Today I wrapped up a first version of a tool to build versions of my games.

First it updates the working copy of the game from the version control server (in my case SVN), or it does a full checkout to make sure I have a "clean" working copy.
Then it rebuilds the code (currently using MSBuild, since I've been using only Visual Studio for a while to work on them, so I'm sure I'll get the exact same result as when compiling from the IDE. And my games are Windows-only for now. This might change if I change my workflow later.)
Then it create a zip file containing everything required to run the game.

There are a few things I want to add, notably a "baking" step before the zipping step, to bake assets that are not part of the repository (and quick enough to build to be able to afford to re-bake them every time), and also a "local" build mode, that doesn't rely at all on version control to work.

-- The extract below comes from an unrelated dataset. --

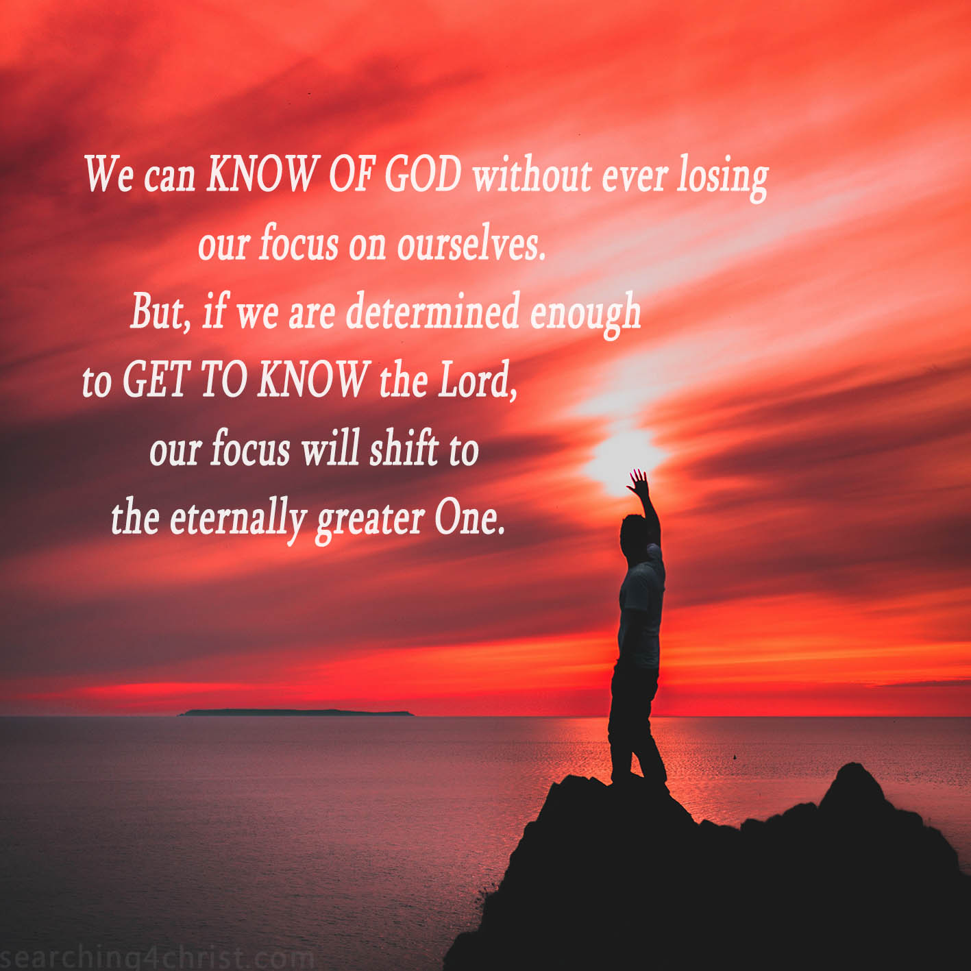 There is a giant gap between knowing of God and getting to know Him. People throw around their views of God as if they were the experts. Because they have their chosen concepts that they call their belief, they charge right ahead and speak their opinions loudly. It is completely different, however, for the priceless few who have gone the distance to get to know Him. Those who left their comfort zone and traveled the lonely road of refusing to focus on themselves or our clamorous world will discover God in a Way that others could never imagine. As our focus shifts from ourselves as the highest priority and value, we begin to walk on sacred ground with the Divine. Only those prepared to let go of all that we like to think belongs to us here will stand a chance of gaining a privileged relationship with the Lord. But, if it is truly God whom we would know personally, He will be forever pleased to walk us through the steps of coming to know Him. Our religions are just speculations, opinions, interpretations, and impersonal doctrines until the Almighty moves in us and allows us into His presence in personal awareness. Those who press on in their desire to get to know God deliberately reject their precious “selves” and our world. But what they gain as they come to know the Lord is infinitely sweeter and of incomparably greater value!
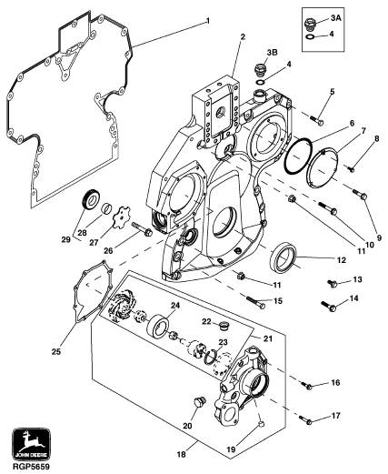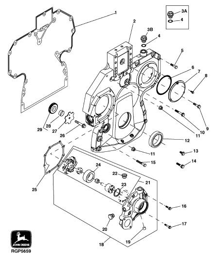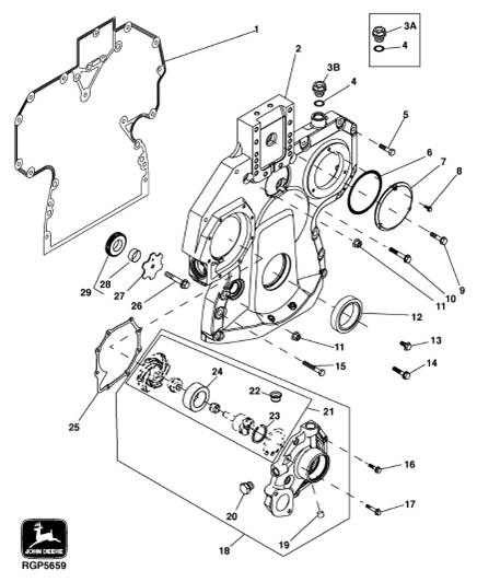 John Deere約翰迪爾強鹿柴油發(fā)動機正時齒輪蓋、水泵、曲軸下惰輪零件圖冊

It's written in "C/C++" (a mostly procedural usage of C++), I use the SVN API for all my version-control stuff (my builder assumes you have TortoiseSVN installed and links to its DLLs), minizip for the final zip file creation, rapidjson (the config files are written in json, which is my go-to format for this kind of stuff ^^'), and some things straight from my games' engine's code (string/path manipulation, reading/writing files, creating directories...)

I plan to release a compilation with all my jam games (along with an "up-to-date" version for each game, so I would need to automatically build like 10 games anytime I want to release an update), this will be very useful to avoid mistakes when packaging builds Smiley (It would already be very useful for single games ^^')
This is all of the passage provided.